What are some other methods accessible to us as Black women? Can we practice them at home?
There are plenty of modalities that can be tailored to the unique needs of Black women and also be practiced at home. I actually encourage practicing at home, because it would create a greater possibility of you baking them into your lifestyle. For starters, let’s look at what we are now calling dance movement therapy. This has not been a new method of healing for many African and diasporic communities. Dancing, with the purpose of healing, grieving, lifting community members up, and diminishing the pains of life, has been prominent in our communities well before holistic healing was even an idea conceptualized in the Western world. We have inherently known that dance, coupled with sound, has been a method of release and restoration. So, when I offer clients the opportunity to integrate dance into their holistic toolbox, I am also getting specific about what dance modalities help them feel most connected and rooted to their own ancestry. Sometimes we’ll land at traditional African dances, which I practiced in middle school and offered me so much joy and peace as a child. Sometimes we’ll arrive at Kizomba, sometimes it’s Afrobeat, and sometimes it’s a bit of R&B or hip-hop. So long as the movement offers release and offers you greater attunement to your own emotions, the practice has met its purpose.
Another practice that has alternate roots in African regions, particularly in northeast regions, is Kemetic Yoga, which offers a blend of lying still, meditation, deep breathing, and physical motions that emulate ancient hieroglyphics, toward the goal of mind-body-spirit healing.

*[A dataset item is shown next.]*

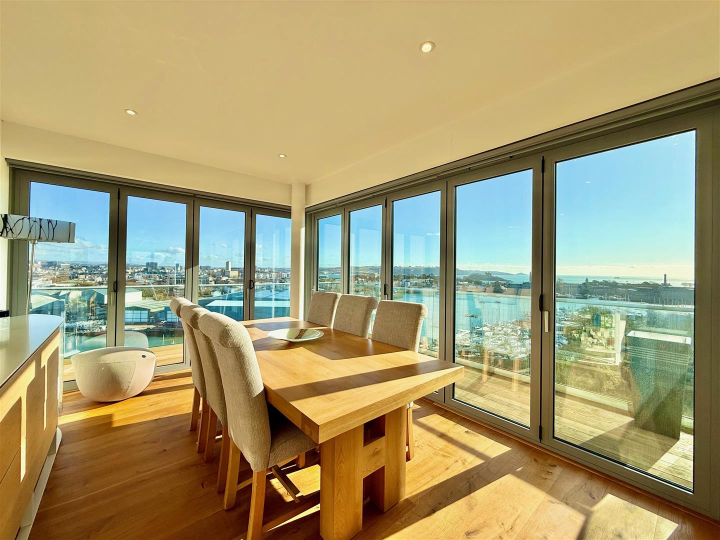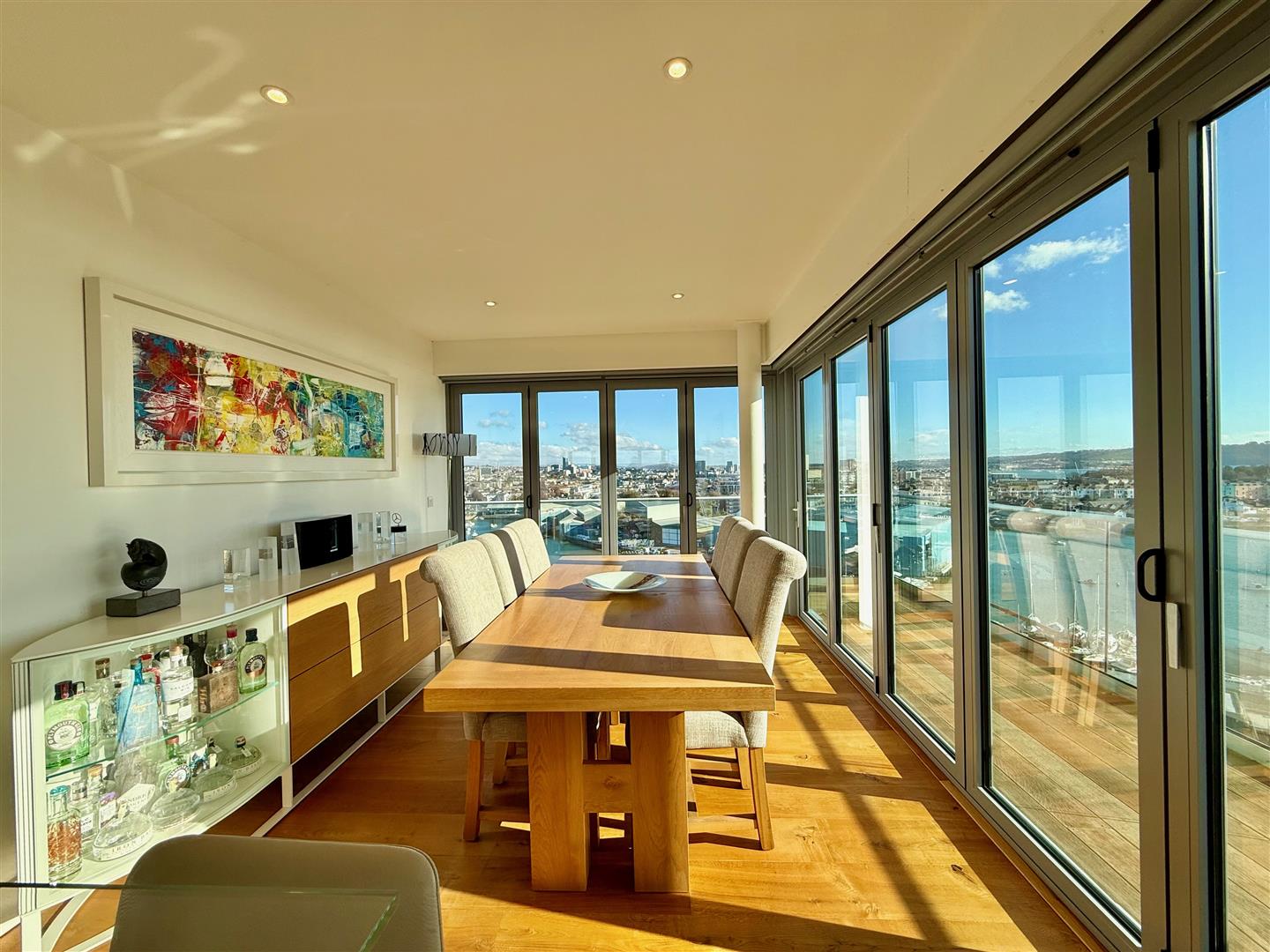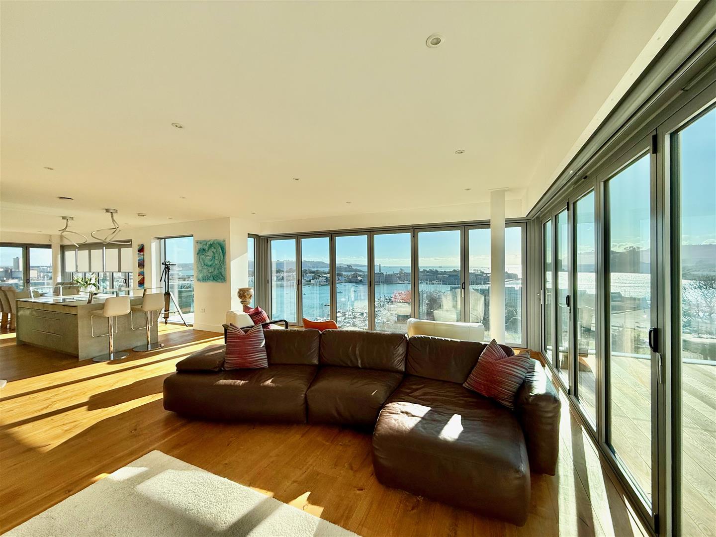 A stunning open-plan triple aspect south-westerly facing room to include 4 sets of bi-folding doors opening onto balconies plus the stunning outdoor terrace. From the room there are panoramic views of Plymouth, Staddon Heights, the Royal William Yard, Dartmoor, Plymouth Sound, the Tamar, Mount Edgecumbe and the Cornish coastline. There is oak flooring throughout and underfloor heating. There is a large lounge area, a dining area and a bespoke Ralph Winter fitted kitchen with a matching island. The kitchen is fitted with a range of matching cabinets and work surfaces. 2 glass breakfast bars. High-end appliances including a Gaggenau hob with an electronic extractor, built-in Gaggenau ovens and microwave plus plate warmer. Inset sink with a mixer tap and a Quooker boiling tap. Integral Gaggenau dishwasher. Integral fridge-freezer. Integral drinks fridge. Within the dining area there is ample space for dining table and chairs and bi-folding doors to 2 elevations opening onto a balcony with LED lighting, a glass balustrade and fabulous views.

And finally, we have the universal breath, which we all have and can use for healing. However, a newer form of deep breathing that has a more culturally-connecting approach is one called Afro Breathwork. It is a breathing practice that combines deep breathing techniques and African rhythms, with some gentle words offered in Swahili and Yoruba.
What role does joy play in our healing, and how can we harness it right now?
Joy is not only critical for our healing, but essential for vitality of life and longevity. Small pockets of joy and laughter have been known to increase our emotional resilience, decrease the ways our bodies internalize stress, help us feel more connected to others, and even change our brains in the long term. There are so many benefits of adding joy to our day and it’s simpler than most of us think. I usually like to start asking people “What brings you joy?” Perhaps it’s your child or grandchild’s smile. For some it’s a funny pet video. For others it’s an old joke that hasn’t lost its effect because it’s truly that funny. Then I ask them to try it, today. So, if you’re lost on how to increase joy, all you have to do is look at the small things in life that already offer that and replicate that experience over and over.